In what order are the locks being taken ?
Is there any way to avoid these deadlocks ? Adding CPU, Memory, Indexes, or Locking granularity ?

Best Answer

I agree with @Kin - why is Enterprise Vault running the same query at the same time from two different sessions? Is it possible you have more copies of EV running than you thought?

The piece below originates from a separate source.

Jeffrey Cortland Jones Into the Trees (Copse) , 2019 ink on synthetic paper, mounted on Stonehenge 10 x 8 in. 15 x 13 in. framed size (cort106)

Here is how SQL Sentry Plan Explorer PRO visualizes the deadlock (click to enlarge):

click to enlarge

Yes, they are both stuck trying to delete from ArchiveSummary. It's possible this is because there are other locks taken in an outer transaction that we can't see (or because EV is issuing it's own client-side transaction scope).

But before you even start to troubleshoot the code itself, I'd be interested in figuring out why this stored procedure is being called multiple times concurrently in the first place. That seems problematic no matter how you eliminate the deadlocks.